Dodany: 24.12.2010 12:32|Autor: misiak297

Czytatnik: Misiakownik

2 osoby polecają ten tekst.

24.12.2010 "Polka" Gretkowskiej i nie tylko...


Kochani Biblionetkowicze! Jako że mamy taki szczególny czas, w którym to ludzie sobie życzą wszystkiego co najlepsze, nie będę gorszy. Życzę Wam wszystkim wspaniałych Świąt (z czasem na lekturę), a w Nowym Roku samych wspaniałych odkryć czytelniczych.

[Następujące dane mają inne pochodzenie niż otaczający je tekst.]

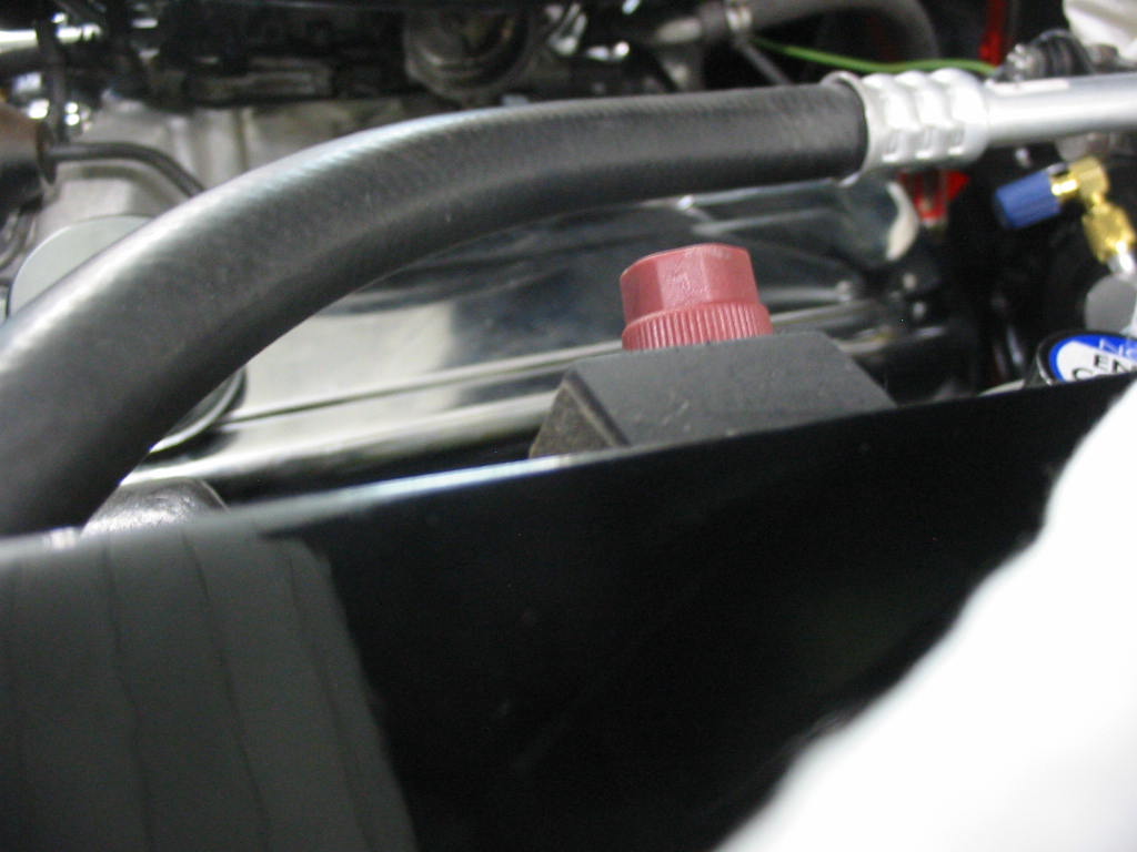 Then I tried to close the hood, but of course the new high pressure 90 degree AC fitting wouldn’t work.

Ja kończę swój rok z Manuelą Gretkowską. Szanuję ją bardzo jako osobę, podziwiam za światłe podejście do życia, zabieranie głosu w tematach trudnych i kontrowersyjnych. Niestety mój podziw dla tej osoby nie szedł w parze z podziwem dla jej twórczości literackiej (nie najlepiej wspominam "Namiętnik"). Jednak postanowiłem dać Gretkowskiej drugą szansę - i nie żałuję. Wybrałem książkę w ramach swojej prywatnej akcji - czytania przynajmniej raz w miesiącu książki jakiegoś ważnego polskiego współczesnego autora. I choć już normę na ten miesiąc spełniłem (Magdalena Tulli "Skaza" - recenzja jest na biblionetce), to tej Gretkowskiej nie mogłem się oprzeć. Dodatkową motywacją było dla mnie wspomnienie o tej książce na zajęciach z kultury i krytyki literackiej. Mowa o Polka (Gretkowska Manuela).

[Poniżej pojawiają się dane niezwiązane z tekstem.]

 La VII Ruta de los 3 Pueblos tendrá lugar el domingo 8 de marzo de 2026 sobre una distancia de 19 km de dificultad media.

"- A gdybyś opisała dzień po dniu, co się z tobą dzieje?
- Pamiętnik ciąży? Faceci nie uwierzą. Alkoholizm, polityka, z osobistych rzeczy impotencja - to jest godny temat. Cierpienie, zmaganie się ze sobą samym. Jakieś rodzenie ciąża? Niemęskie, niekulturalne. Baby powiedzą "Wielka rzecz, brzuch sama nosiłam, nikt mi się tu mądrzyć nie będzie""(s. 73)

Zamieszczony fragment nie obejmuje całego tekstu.